Find answers, ask questions, and share your expertise
Announcements
Celebrating as our community reaches 100,000 members! Thank you!

Problem in reading CSV file using Apache Spark

avatar
Explorer

Hi,

I have a CSV file(Pipe Delimited fields) with 3 columns. The value in the 2nd column has some new lines & quoted string in it as shown below,

 

"2020-02-23 11:15:39"|"

Hi Craig,

Please approve the standard pricing.

 

No further amendments made "Legal System."

 

Justification

-XXX is the sole owner in China

Thank you.

"|"Approved"

 

I am trying to read the file using "spark read csv" API, but it is not able to read/parse the file correctly. I am using spark 2.3.0 version.
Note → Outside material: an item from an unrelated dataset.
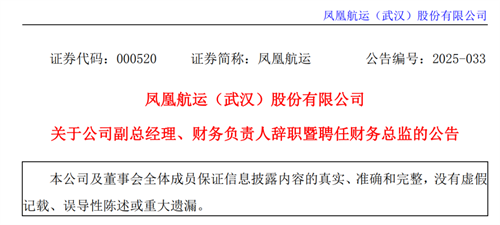同時,鳳凰航運稱,經(jīng)公司總經(jīng)理提名,董事會提名委員會資格審查以及獨立董事、董事會審計委員會審議通過,公司于 2025 年 9 月 5 日召開第九屆董事會第二十一次會議,審議通過了《關(guān)于聘任財務(wù)總監(jiān)的議案》,同意聘任汪國政先生為公司財務(wù)總監(jiān),任期自本次董事會審議通過之日起至第九屆董事會任期屆滿之日止。

Below are the commands used,

 

val path = "/user/1234/abc.csv"
val inputDf = spark.read.option("delimiter","|").option("wholeFile",true).option("multiline",true).option("header",false).option("inferSchema",false).csv(path)

 

 

Could please help me out?

Note:- There is a word within quotes in the second field("Legal System.")

 

Thanks

3 REPLIES 3

avatar
Explorer

Any help on the above query?

avatar
Expert Contributor

Hello @ravisro ,

 

I don't think there would be a straight forward way for this, (i.e) we might need to perform some sort of data cleansing work prior feeding it to spark in my view. Possibly the inputs shared does contains new line characters (\n) which might make spark to confuse with the data and new lines. 

 

I did some sort of data cleansing, (i.e) removing newlines gave me below result

 

inputDf.show(false)
+-------------------+---------------------------------------------------------------------------------------------------------------------------------------------------+--------+
|_c0                |_c1                                                                                                                                                |_c2     |
+-------------------+---------------------------------------------------------------------------------------------------------------------------------------------------+--------+
|2020-02-23 11:15:39|"Hi Craig, Please approve the standard pricing. No further amendments made "Legal System."Justification -XXX is the sole owner in China Thank you."|Approved|
+-------------------+---------------------------------------------------------------------------------------------------------------------------------------------------+--------+

 while running the same code from spark.

Thanks,
Satz

avatar
New Contributor

@satz

I have similar issue, Is it possible to share data cleansing - removing newlines coding snippet.